Едим молча, слышен лишь звук работающих челюстей и чмокание губ. Время от времени кто-нибудь, не стесняясь, рыгает и, утерев рот, продолжает есть. Надо сказать, что я веду себя ничуть не лучше других, поскольку по-другому грызть эту подошву невозможно. Отмучившись, иначе не скажешь, вытираю руки о полы некогда роскошного Сениного халата и принимаю пиалу с мутной белой жидкостью. Спрашивать что это, нет нужды, и так понятно. Кроме воды у монгол единственный напиток, это кумыс.
Мои гостеприимные хозяева с наслаждением выпивают по чашке, и я вслед за ними, причмокивая, изображаю удовольствие. Слава богу, ужин на этом заканчивается, и, помолчав немного, Турслан Хаши решает начать беседу совсем не с тех вопросов, к каким я готовился.
– Расскажи мне, чужеземец, о своем городе. Много ли народу живет в Риме, и правда ли, что он несметно богат?
Прозвучало это так, словно кошка спрашивает мышь, действительно ли ты такая вкусная, стоит мне за тобой бегать? Подумав о том, что монголы до Рима так и не добрались, я решил изобразить простачка.
– Да, Рим огромный и богатый город. Он раскинулся на семи холмах и окружен высокой стеной.
Бесстрастная маска на лице монгола ничуть не изменилась.
– Много ли войска у царя Рима?
– В этом городе нет светской власти, Римом, как и всей областью правит папа – глава христианской церкви.
Впервые мои собеседники проявили интерес и переглянулись друг с другом.
Дальше пошли вопросы в том же духе, про города и земли на западе.
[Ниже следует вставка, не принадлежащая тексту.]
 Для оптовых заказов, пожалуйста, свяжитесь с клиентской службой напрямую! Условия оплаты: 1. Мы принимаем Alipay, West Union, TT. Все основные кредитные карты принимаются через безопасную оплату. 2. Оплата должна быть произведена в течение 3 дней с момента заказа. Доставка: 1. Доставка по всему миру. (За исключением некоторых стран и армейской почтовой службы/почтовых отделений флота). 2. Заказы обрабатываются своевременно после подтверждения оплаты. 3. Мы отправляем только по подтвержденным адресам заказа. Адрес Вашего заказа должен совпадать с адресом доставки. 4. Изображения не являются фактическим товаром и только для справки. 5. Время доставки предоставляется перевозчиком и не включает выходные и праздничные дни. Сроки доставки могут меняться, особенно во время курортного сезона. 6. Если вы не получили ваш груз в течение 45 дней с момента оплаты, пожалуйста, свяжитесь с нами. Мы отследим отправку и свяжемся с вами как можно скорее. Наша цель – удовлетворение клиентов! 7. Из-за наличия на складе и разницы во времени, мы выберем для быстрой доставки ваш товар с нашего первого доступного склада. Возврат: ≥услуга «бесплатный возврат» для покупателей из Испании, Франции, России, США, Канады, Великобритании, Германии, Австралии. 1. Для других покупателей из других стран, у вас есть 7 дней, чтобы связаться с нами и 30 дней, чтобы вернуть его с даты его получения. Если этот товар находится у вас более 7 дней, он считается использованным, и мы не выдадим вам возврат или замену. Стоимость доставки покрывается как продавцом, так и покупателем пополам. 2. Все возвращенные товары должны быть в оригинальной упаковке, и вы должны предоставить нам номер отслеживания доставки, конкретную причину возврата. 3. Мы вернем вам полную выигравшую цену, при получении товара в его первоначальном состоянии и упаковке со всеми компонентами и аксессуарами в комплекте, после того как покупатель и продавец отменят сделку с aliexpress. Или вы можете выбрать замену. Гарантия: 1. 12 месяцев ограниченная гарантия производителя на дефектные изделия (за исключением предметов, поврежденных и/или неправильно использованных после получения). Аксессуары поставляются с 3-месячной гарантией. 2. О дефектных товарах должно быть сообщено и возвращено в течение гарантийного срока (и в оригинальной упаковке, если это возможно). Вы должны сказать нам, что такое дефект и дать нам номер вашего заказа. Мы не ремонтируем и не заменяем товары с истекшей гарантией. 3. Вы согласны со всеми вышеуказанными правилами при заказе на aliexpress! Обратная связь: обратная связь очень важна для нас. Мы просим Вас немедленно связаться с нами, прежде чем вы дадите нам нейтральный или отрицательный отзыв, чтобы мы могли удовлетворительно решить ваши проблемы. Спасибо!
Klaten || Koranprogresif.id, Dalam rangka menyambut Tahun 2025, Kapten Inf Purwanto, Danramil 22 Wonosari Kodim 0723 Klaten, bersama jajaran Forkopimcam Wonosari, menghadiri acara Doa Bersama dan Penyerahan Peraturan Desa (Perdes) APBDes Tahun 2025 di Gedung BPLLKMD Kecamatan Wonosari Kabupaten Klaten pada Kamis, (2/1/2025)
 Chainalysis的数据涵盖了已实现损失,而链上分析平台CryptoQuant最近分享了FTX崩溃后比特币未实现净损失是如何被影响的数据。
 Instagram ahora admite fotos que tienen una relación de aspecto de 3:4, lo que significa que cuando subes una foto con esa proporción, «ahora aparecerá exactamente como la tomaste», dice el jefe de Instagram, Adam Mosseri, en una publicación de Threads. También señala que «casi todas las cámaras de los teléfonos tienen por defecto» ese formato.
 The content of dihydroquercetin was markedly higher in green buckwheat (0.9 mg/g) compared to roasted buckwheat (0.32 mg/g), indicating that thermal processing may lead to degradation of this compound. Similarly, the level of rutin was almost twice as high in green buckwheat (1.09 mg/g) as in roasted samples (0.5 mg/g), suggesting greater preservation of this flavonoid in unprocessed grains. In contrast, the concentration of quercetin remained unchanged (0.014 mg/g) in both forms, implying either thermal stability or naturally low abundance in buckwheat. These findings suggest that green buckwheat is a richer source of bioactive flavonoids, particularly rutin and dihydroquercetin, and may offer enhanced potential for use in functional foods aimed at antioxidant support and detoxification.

Я говорил и говорил, а степняки сидели и внимали мне с таким вниманием, что у меня начали «вырастать крылья за спиной». Я все-таки учитель истории, и учитель неплохой. Меня даже мои ученики слушают, забывая про свои смартфоны, но эта троица стала апогеем моего ораторского искусства. Так меня еще никто не слушал, они смотрели мне в рот, словно оттуда сыпались золотые монеты, а я рассказывал, радуясь в душе, что моя собственная история их не интересует, поскольку никакой путной легенды мне до сих пор придумать так и не удалось.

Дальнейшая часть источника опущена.